消化器疾患を抱える犬に対する治療法の一つとして、糞便移植(fecal microbiota transplantation、FMT)が注目されている。この手技には、他者(他の犬)の腸内細菌叢を借りる形で罹患犬の腸内環境を整え、副作用を伴う場合がある薬物療法のリスクを軽減し、なお且つ、経過を良好にすることが期待されているのだ。では実際のところ、その期待を実現できた症例は存在しているのだろうか。小動物臨床における糞便移植の実状を把握し、同療法を普及するキッカケを模索し、あるいは、同療法の課題点を洗い出すことが重要だと思われる。

冒頭のような背景の中、イタリアの獣医科大学らは、慢性的な下痢の再発に苦しんでいるラブラドール・レトリバーにFMTを適応する研究を行った。なお、同研究では、移植サンプルをカプセル状にして経口的に罹患犬に投与している。
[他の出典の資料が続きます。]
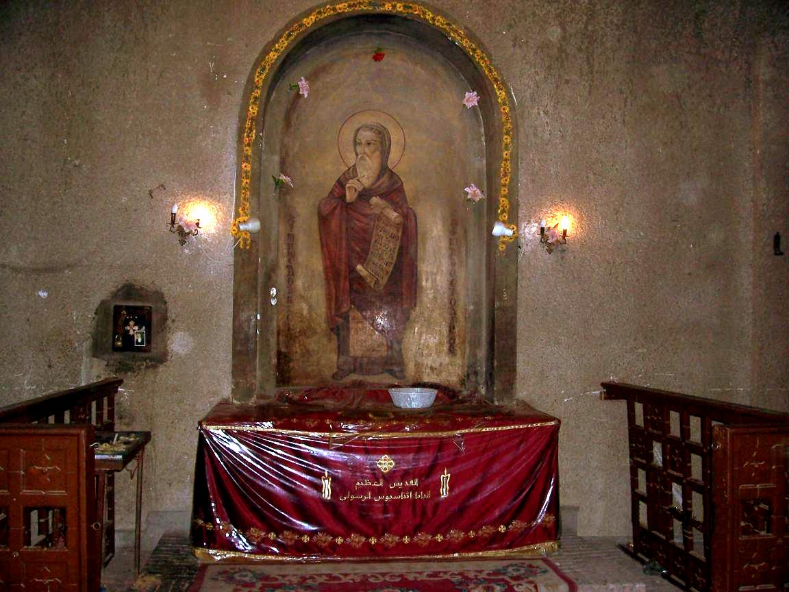 St Athanasius Shrine in St Mark Cathedral, Cairo, Egypt.

すると、治療開始から21日目にして、炎症性腸疾患の重症度を示すCIBDAIのスコアが改善し、また、腹部の膨満感および排便痛も軽減されたという。加えて、同症例は治療開始から18ヶ月後(追跡期間としては最長)まで再発を起こさず、プレドニゾロンの増量も回避できたとのことである。

上記のことから、FMTは犬の慢性下痢に有効だと考えられる。よって、今後、移植に適したドナーの腸内細菌叢、移植サンプルの生成方法、カプセル化の手順、投与方法などを記載したガイドラインが作られ、FMTが慢性下痢を抱える多くの犬を救う未来が訪れることに期待している。

追跡期間の中では、有害事象が確認されなかったとのことです。